Pop-Ups

Bialy Bird Might Make Your Bubbie Balk—But It’s Delicious

A former rocker turned baker combines his love for sourdough and garden-grown produce.

By Katherine Chew Hamilton August 18, 2022

 

A bialy from Bialy Bird

Unless you’ve lived in New York City or know a bialy maker like Adam Thompson, chances are that most of your experience with bialys have been limited to sad, dry grocery store numbers with a half-hearted dot of onion and poppyseed in the middle, and that's if you can find them at all.

Too often, bialys are a baked, yeasty afterthought sold alongside the main draw of bagels, their traditionally boiled cousins. When
PoMo news editor Julia Silverman, born and raised in Manhattan, went on a bialy quest shortly before the pandemic, she only found one option that came even remotely close to her standards—the bialy at Roseway's Ben and Esther’s, which is only available Sundays and Mondays.

Now, another bialy has entered the Portland fray with Bialy Bird, a pop-up that baker Adam Thompson started in April 2022. After years working in the restaurant industry, mostly in Italian restaurants, and then nearly twenty years as the bassist in the band Thao and the Get Down Stay Down, he’s now the manager at Bernstein’s Bagels (816 N Russell St). After several requests at the shop for bialys, Thompson decided to take matters into his own hands with a pop-up at Bernstein’s, along with help from fellow Bernstein’s employee Keith Dickerson. But these aren’t ordinary bialys. “This person is cheffing up his bialys! Huckleberry potato? No thank you, I’m out!” proclaimed Silverman when I excitedly showed her Bialy Bird’s pre-order menu. 

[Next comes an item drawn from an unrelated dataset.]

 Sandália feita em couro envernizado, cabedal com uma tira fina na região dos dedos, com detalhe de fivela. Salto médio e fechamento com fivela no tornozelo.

A variety of bialys, many made with homegrown produce

Instead of the standard onion and poppyseed filling, you’ll find year-round staples such as miso-onion, black tahini with chile crisp, and cacio e pepe. But these bialys are also highly seasonal, with much of the produce either grown locally or in Thompson’s own backyard. I tried the huckleberry potato, which is not, in fact, a combination of berries and potatoes, but a type of purple-skinned potato with a sweeter flavor and tender interior. The potato edges crisped up beautifully in the oven with a generous glaze of olive oil, while the inside was soft like a baked potato. On top was a generous garnish of what Thompson calls “allium mix,” including green onions and their flowers. If you’ve never tasted a green onion flower before, you’re missing out—they’re slightly sweet, with a hint of sharp onion flavor. Both the potatoes and the green onions came straight from Thompson’s garden.

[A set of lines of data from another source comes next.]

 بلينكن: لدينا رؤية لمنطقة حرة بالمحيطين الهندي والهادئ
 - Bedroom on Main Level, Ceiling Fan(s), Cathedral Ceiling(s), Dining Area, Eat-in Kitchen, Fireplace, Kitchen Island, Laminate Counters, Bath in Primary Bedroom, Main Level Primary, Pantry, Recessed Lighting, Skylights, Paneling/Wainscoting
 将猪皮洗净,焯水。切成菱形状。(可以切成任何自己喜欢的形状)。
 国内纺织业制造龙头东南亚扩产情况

Another hit: Sauvie Island-grown blueberries with imported Okinawan black sugar. “It's hard to describe like how deep the flavor is, but it's just incredibly good and so different,” says Thompson. I also tried the cacio e pepe bialy, used as the basis for a prosciutto sandwich, with a generously cheesy crust, though it wasn’t quite reminiscent of the pasta dish. Schmears are also available, with flavors ranging from blueberry-basil to sweet corn-miso with shichimi—though I can’t quite imagine adding a schmear to an already topping-heaped bialy. (Thompson suggests cutting the bialys into quarters like pizza slices, then slathering with your schmear of choice.) 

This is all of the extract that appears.